Should any entry hold a picture, omit that picture and copy the rest of the entry exactly.

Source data

________________________

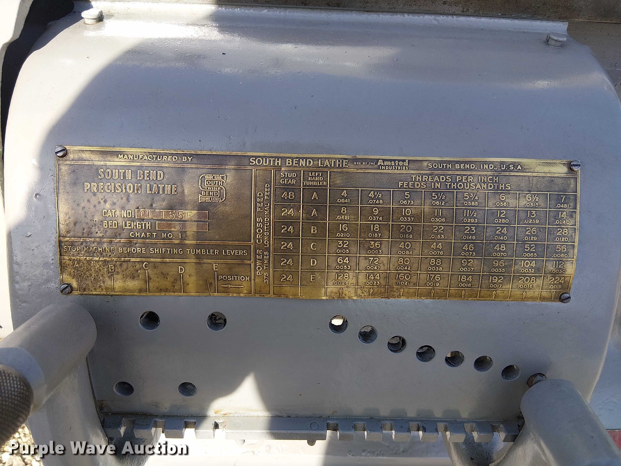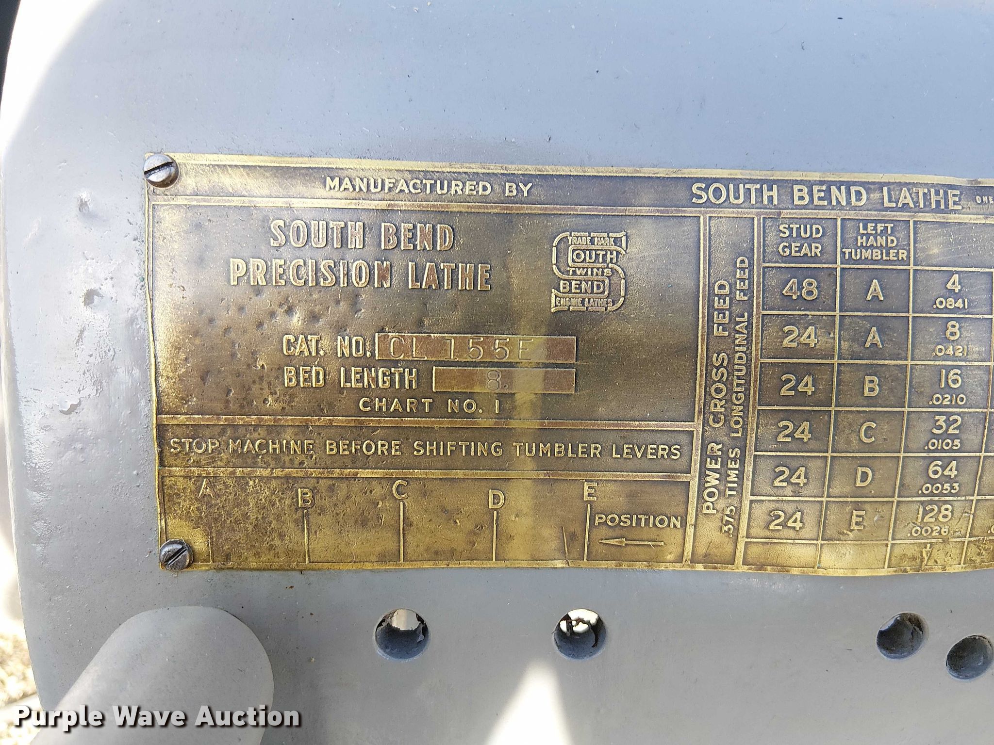 Purple Wave is selling a used Lathes, Manual in Kansas. This item is a South Bend CL155E lathe with the following: Westinghouse Life-Line A, Serial: 66A32030, HP: 3, Volts: 208-220/440, Phase: Three
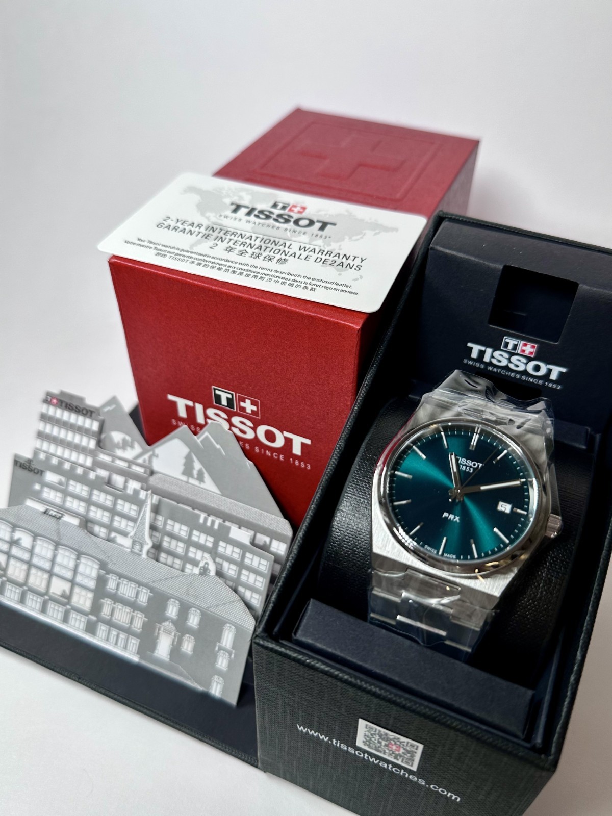 FAST 1-4 BUSINESS DAYS DELIVERY FROM SOUTH FLORIDA Case Case Diameter 40 mm Case Thickness 10.4 mm Case Material 316L Stainless Steel Case Shape Tonneau Case Back Solid Band Band Material Stainless Steel Band Type Bracelet Band Color Silver-tone Band Width 12 mm Clasp Butterfly clasp with push-buttons Dial Dial Color Green Type Analog Crystal Scratch Resistant Sapphire Hands Luminous Silver-tone Dial Markers Index Second Markers Minute Markers around the outer rim Luminiscence Hands and Markers Bezel Fixed Bezel Color Silver-tone Bezel Material Stainless Steel Information Brand Tissot Collection Name PRX T-Classic Gender Mens Model T1374101109100 Watch Label Swiss Made Movement Quartz Features Water Resistance 100 meters / 330 feet Calendar Date display at the 3 o'clock position Functions Date, Hour, Minute, Second Watch Features Analog, Stainless Steel
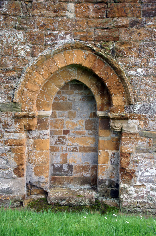 Like the other churches on this page, Aston-le-Walls Church has not attracted much attention from the historians. Leaving aside the Norman fonts, Aston Church has the clearest signs of Norman architecture. The lowest part of its tower with round-headed arches and deeply-splayed windows is clearly of this period. The blocked north door has a pointed arch but its capitals tell us that it is probably Transitional, possibly Early English. So it has an ancient core but c19 restoration has left little of interest. The font, like that at Braybrooke, is square in plan and, like that at Thornby, poorly executed. The circle interlaced with arcs motif (I really must find a shorter name for it!) is shown above right. What distinguishes this font from Braybrooke’s - apart from its poor quality - is that each corner has a carved face. Amongst others, most of the North Norfolk School of Norman fonts have this feature. Bob Trubshaw very plausibly ascribes such designs as representing the four rivers of paradise.
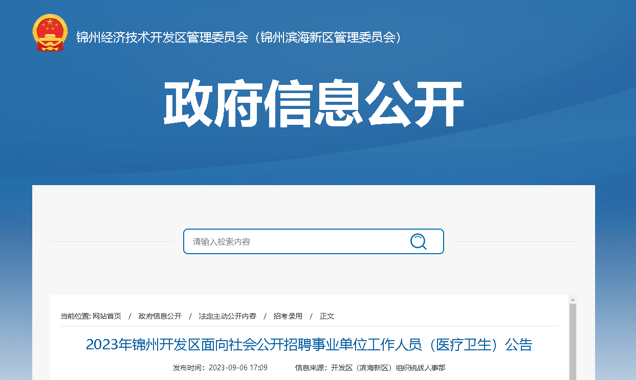 2023遼寧錦州開發(fā)區(qū)面向社會公開招聘事業(yè)單位工作人員(醫(yī)療衛(wèi)生)10人,報名時間:2023年9月9日9時至9月15日9時,現(xiàn)將招聘公告原文發(fā)布如下:
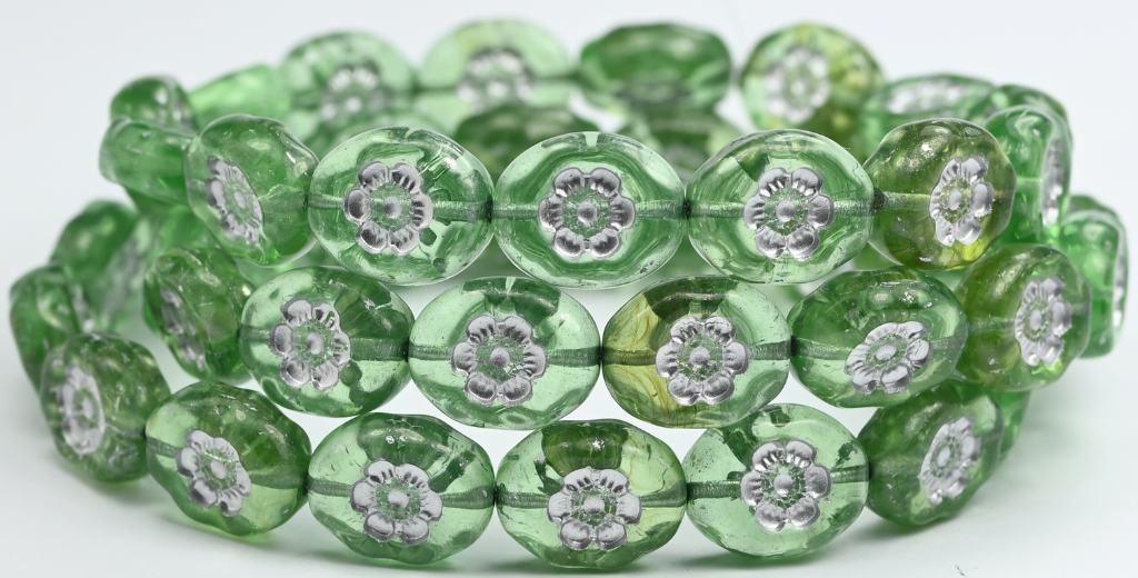楕円形の押しガラスビーズ(花付き)、透明グリーン、シルバーライン(50500-54201)、ガラス、チェコ共和国
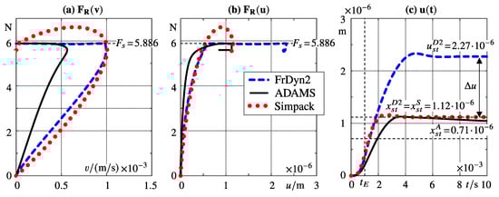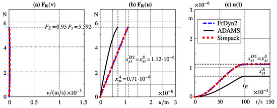 The forces generated by the friction models depend here practically not on the velocity but only on the displacement of the body u, as seen in Figure 7a,b. In case of the FrDyn2 and the Simpack stick–slip models holds, which provides the friction force at the steady state displacement , as indicated in Figure 7b,c by thin dashed black lines. Adams models the friction force a quasi-static sticking mode by a strongly nonlinear and degressive function of the displacement. The Adams manual does not specify this function but the simulation results provide the friction force at the steady state displacement , as seen in Figure 7b,c. As expected from the time histories plotted in Figure 6a, the time histories of the body displacement reach their steady state values and at without any overshoots, as seen in Figure 7c.
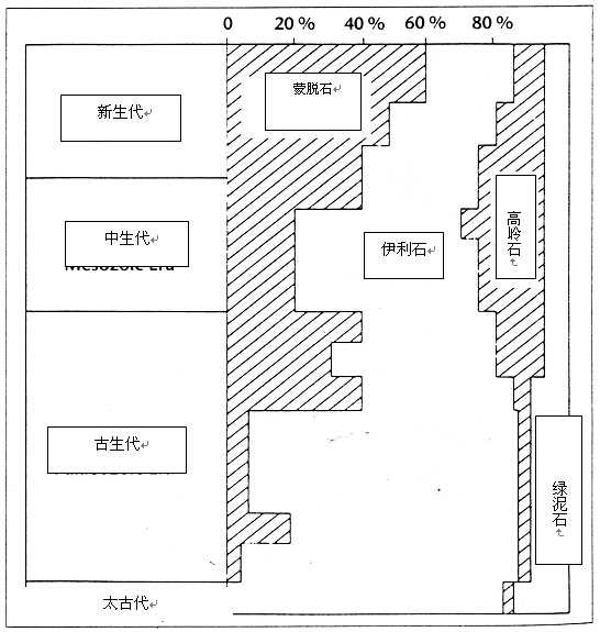 首先,应该知道任何一种黏土矿物的生成是与它所处的地质年代以及所经历的地质条件有关。那么,在原材料选择时应对拟选区域的地质年代有一个明确的概念。也就是说不能忘记地球形成历史上的各主要地质年代。例如从中生代到古生代(年龄:从1.37亿年到3.5亿年)期间形成的黏土(含页岩、煤矸石等)经历了数百万年之后已经变成了固结的黏土质页岩和黏土岩(如宁夏中部地区叫做页岩的)。因此,主要黏土矿物成分是根据地质年代而在变化的,如图9中所示。从图9中可看到,主要黏土矿物生成的地质年代越近,所显示出的主要黏土矿物出现的几率大小排序是:蒙脱石、伊利石、高岭石。随着地质年代的增加,蒙脱石矿物逐渐由伊利石取代,高岭石由绿泥石取代。图10中表示了黏土矿物出现的丰度与地质年代的关系。实际中,在国内出现问题最多的情况是白垩纪的页岩。白垩纪距今约1.37亿年,又分为为早白垩世和晚白垩世。例如在北京、东北、内蒙等地,就将工厂建在了白垩纪页岩山下,这种经验教训应当牢记。必须保持有这样一个概念,如知道所选择的原材料区域是白垩纪的,就应特别注意原材料中是否含有过量的蒙脱石矿物。
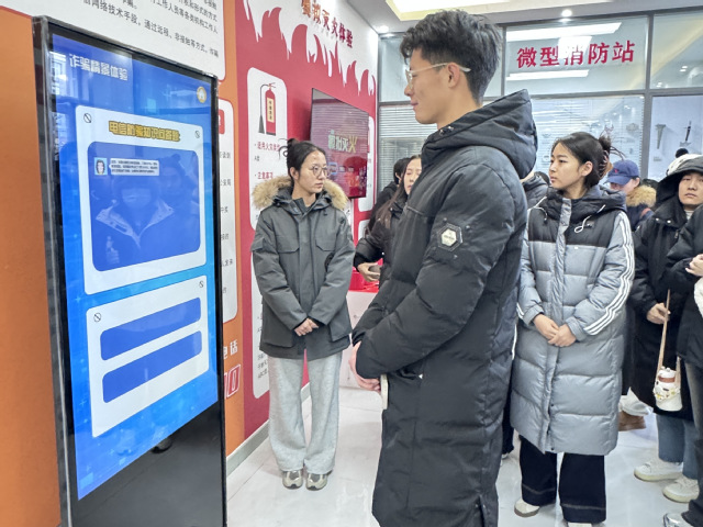 张乐扬首先引导同学们参观微型消防站和模拟灭火体验区,介绍各类消防设备,重点讲解了手提式灭火器的类型和使用方法。同学们纷纷上手实操,掌握了“提拔握压”的灭火技巧。
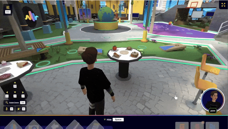 Para evitar sobrecarga e lentidão no servidor, selecionamos elementos específicos em cada cena que são frequentemente usados em aulas e eventos, permitindo que sejam agarrados e/ou escaneados. Atualizamos continuamente as cenas e os objetos interativos à medida que expandimos, com o objetivo de atualizar uma cena completa por mês. Esperamos que os avanços tecnológicos em breve nos permitam oferecer um ambiente ainda mais imersivo!
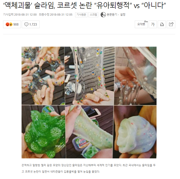 액체괴물로 알려진 '슬라임'이 코르셋 논란에 휩싸였다. 끈적하고 말랑한 젤리 같은 모양의 장난감인 슬라임은 지난해 세계적 인기를 모았고 국내에서는 가수 아이유가 갖고 노는 모습이 화제가 됐다. 하지만 최근 사회가 원하는 여성상을 거부하는 탈코르셋 열풍이 불면서 슬라임도 코르셋의 일환이라며 이를 갖고 놀지 말자는 주장이 제기돼 인터넷상에서 갑론을박이 벌어졌다.
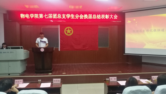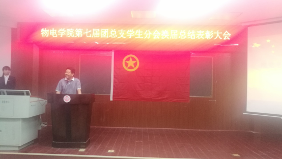 2017年6月19日晚上7点,物电学院在6栋学术报告厅举行了第七届团总支学生分会换届总结表彰大会。物电学院党总支副书记孙亚辉、团总支书记张恒道、物理专业学生党支部书记何小娅、第七届团学分会全体干部干事和2016级全体同学参加了本次会议。
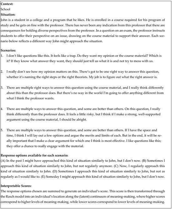 The construction of the scenarios to define each meaning-making position followed the Rasch measurement principles and procedures (See Ludlow et al. 2014, 2020):
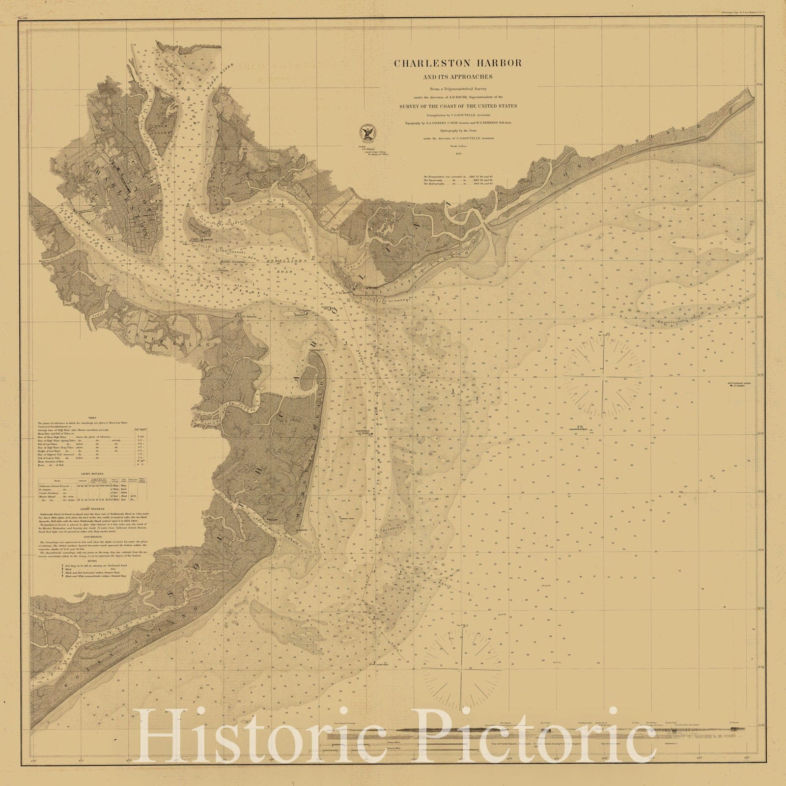 • .Historic Nautical Map - Charleston Harbor, 1870 NOAA Chart - South Carolina (SC) - Vintage Wall Art
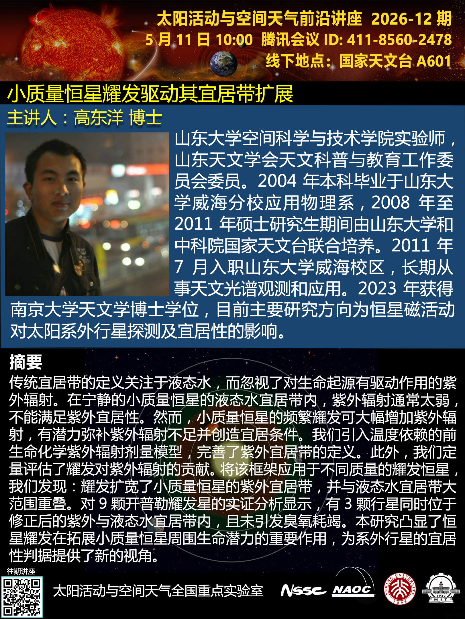 讲座题目:小质量恒星耀发驱动其宜居带扩展
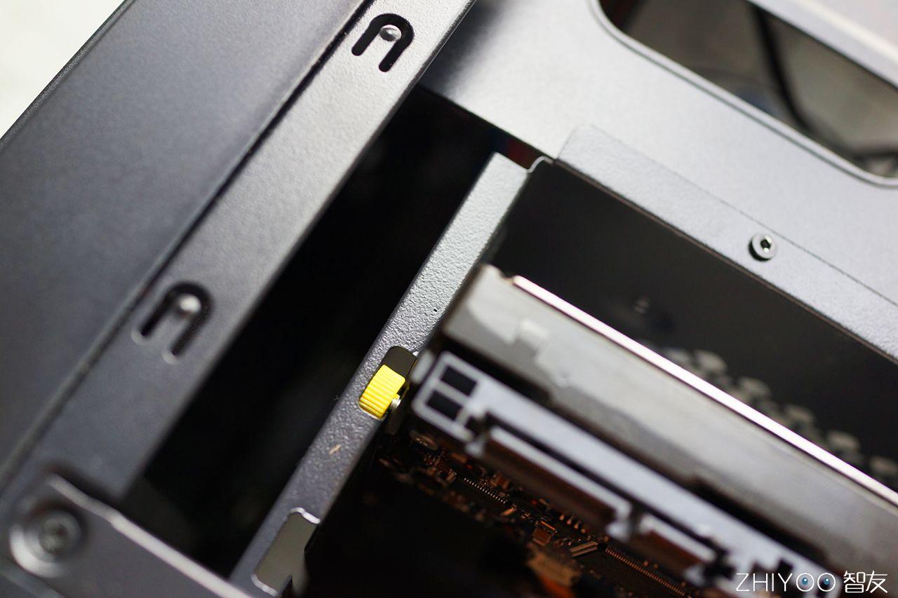 接下来将3.5寸硬盘装入硬盘位,由于没有说明书,我研究了好一阵,原来这里要用上这种黄色的螺丝,注意不要拧紧,留一点空隙,然后嵌入卡槽即可,而另一侧拧上一颗螺丝就可以稳稳固定住,我对这个设计非常喜欢,装拆都是极为方便啊。
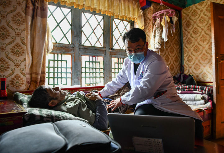 2023年6月12日,廣東珠海市人民醫(yī)院第七批援藏醫(yī)療隊王旭彤醫(yī)生在給西藏米林市吞不絨村患者珠杰檢查身體。新華社記者 晉美多吉 攝
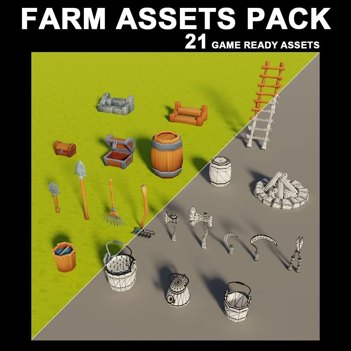 Collection includes 21 lowpoly stylized models with textures, colours & materials. Contains all basic farm equipments.

________________________

■ WRITTEN ANSWER:
 Purple Wave is selling a used Lathes, Manual in Kansas. This item is a South Bend CL155E lathe with the following: Westinghouse Life-Line A, Serial: 66A32030, HP: 3, Volts: 208-220/440, Phase: Three
 FAST 1-4 BUSINESS DAYS DELIVERY FROM SOUTH FLORIDA Case Case Diameter 40 mm Case Thickness 10.4 mm Case Material 316L Stainless Steel Case Shape Tonneau Case Back Solid Band Band Material Stainless Steel Band Type Bracelet Band Color Silver-tone Band Width 12 mm Clasp Butterfly clasp with push-buttons Dial Dial Color Green Type Analog Crystal Scratch Resistant Sapphire Hands Luminous Silver-tone Dial Markers Index Second Markers Minute Markers around the outer rim Luminiscence Hands and Markers Bezel Fixed Bezel Color Silver-tone Bezel Material Stainless Steel Information Brand Tissot Collection Name PRX T-Classic Gender Mens Model T1374101109100 Watch Label Swiss Made Movement Quartz Features Water Resistance 100 meters / 330 feet Calendar Date display at the 3 o'clock position Functions Date, Hour, Minute, Second Watch Features Analog, Stainless Steel
 Like the other churches on this page, Aston-le-Walls Church has not attracted much attention from the historians. Leaving aside the Norman fonts, Aston Church has the clearest signs of Norman architecture. The lowest part of its tower with round-headed arches and deeply-splayed windows is clearly of this period. The blocked north door has a pointed arch but its capitals tell us that it is probably Transitional, possibly Early English. So it has an ancient core but c19 restoration has left little of interest. The font, like that at Braybrooke, is square in plan and, like that at Thornby, poorly executed. The circle interlaced with arcs motif (I really must find a shorter name for it!) is shown above right. What distinguishes this font from Braybrooke’s - apart from its poor quality - is that each corner has a carved face. Amongst others, most of the North Norfolk School of Norman fonts have this feature. Bob Trubshaw very plausibly ascribes such designs as representing the four rivers of paradise.
 2023遼寧錦州開發(fā)區(qū)面向社會公開招聘事業(yè)單位工作人員(醫(yī)療衛(wèi)生)10人,報名時間:2023年9月9日9時至9月15日9時,現(xiàn)將招聘公告原文發(fā)布如下:
楕円形の押しガラスビーズ(花付き)、透明グリーン、シルバーライン(50500-54201)、ガラス、チェコ共和国
 The forces generated by the friction models depend here practically not on the velocity but only on the displacement of the body u, as seen in Figure 7a,b. In case of the FrDyn2 and the Simpack stick–slip models holds, which provides the friction force at the steady state displacement , as indicated in Figure 7b,c by thin dashed black lines. Adams models the friction force a quasi-static sticking mode by a strongly nonlinear and degressive function of the displacement. The Adams manual does not specify this function but the simulation results provide the friction force at the steady state displacement , as seen in Figure 7b,c. As expected from the time histories plotted in Figure 6a, the time histories of the body displacement reach their steady state values and at without any overshoots, as seen in Figure 7c.
 首先,应该知道任何一种黏土矿物的生成是与它所处的地质年代以及所经历的地质条件有关。那么,在原材料选择时应对拟选区域的地质年代有一个明确的概念。也就是说不能忘记地球形成历史上的各主要地质年代。例如从中生代到古生代(年龄:从1.37亿年到3.5亿年)期间形成的黏土(含页岩、煤矸石等)经历了数百万年之后已经变成了固结的黏土质页岩和黏土岩(如宁夏中部地区叫做页岩的)。因此,主要黏土矿物成分是根据地质年代而在变化的,如图9中所示。从图9中可看到,主要黏土矿物生成的地质年代越近,所显示出的主要黏土矿物出现的几率大小排序是:蒙脱石、伊利石、高岭石。随着地质年代的增加,蒙脱石矿物逐渐由伊利石取代,高岭石由绿泥石取代。图10中表示了黏土矿物出现的丰度与地质年代的关系。实际中,在国内出现问题最多的情况是白垩纪的页岩。白垩纪距今约1.37亿年,又分为为早白垩世和晚白垩世。例如在北京、东北、内蒙等地,就将工厂建在了白垩纪页岩山下,这种经验教训应当牢记。必须保持有这样一个概念,如知道所选择的原材料区域是白垩纪的,就应特别注意原材料中是否含有过量的蒙脱石矿物。
 张乐扬首先引导同学们参观微型消防站和模拟灭火体验区,介绍各类消防设备,重点讲解了手提式灭火器的类型和使用方法。同学们纷纷上手实操,掌握了“提拔握压”的灭火技巧。
 Para evitar sobrecarga e lentidão no servidor, selecionamos elementos específicos em cada cena que são frequentemente usados em aulas e eventos, permitindo que sejam agarrados e/ou escaneados. Atualizamos continuamente as cenas e os objetos interativos à medida que expandimos, com o objetivo de atualizar uma cena completa por mês. Esperamos que os avanços tecnológicos em breve nos permitam oferecer um ambiente ainda mais imersivo!
 액체괴물로 알려진 '슬라임'이 코르셋 논란에 휩싸였다. 끈적하고 말랑한 젤리 같은 모양의 장난감인 슬라임은 지난해 세계적 인기를 모았고 국내에서는 가수 아이유가 갖고 노는 모습이 화제가 됐다. 하지만 최근 사회가 원하는 여성상을 거부하는 탈코르셋 열풍이 불면서 슬라임도 코르셋의 일환이라며 이를 갖고 놀지 말자는 주장이 제기돼 인터넷상에서 갑론을박이 벌어졌다.
 2017年6月19日晚上7点,物电学院在6栋学术报告厅举行了第七届团总支学生分会换届总结表彰大会。物电学院党总支副书记孙亚辉、团总支书记张恒道、物理专业学生党支部书记何小娅、第七届团学分会全体干部干事和2016级全体同学参加了本次会议。
 The construction of the scenarios to define each meaning-making position followed the Rasch measurement principles and procedures (See Ludlow et al. 2014, 2020):
 • .Historic Nautical Map - Charleston Harbor, 1870 NOAA Chart - South Carolina (SC) - Vintage Wall Art
 讲座题目:小质量恒星耀发驱动其宜居带扩展
 接下来将3.5寸硬盘装入硬盘位,由于没有说明书,我研究了好一阵,原来这里要用上这种黄色的螺丝,注意不要拧紧,留一点空隙,然后嵌入卡槽即可,而另一侧拧上一颗螺丝就可以稳稳固定住,我对这个设计非常喜欢,装拆都是极为方便啊。
 2023年6月12日,廣東珠海市人民醫(yī)院第七批援藏醫(yī)療隊王旭彤醫(yī)生在給西藏米林市吞不絨村患者珠杰檢查身體。新華社記者 晉美多吉 攝
 Collection includes 21 lowpoly stylized models with textures, colours & materials. Contains all basic farm equipments.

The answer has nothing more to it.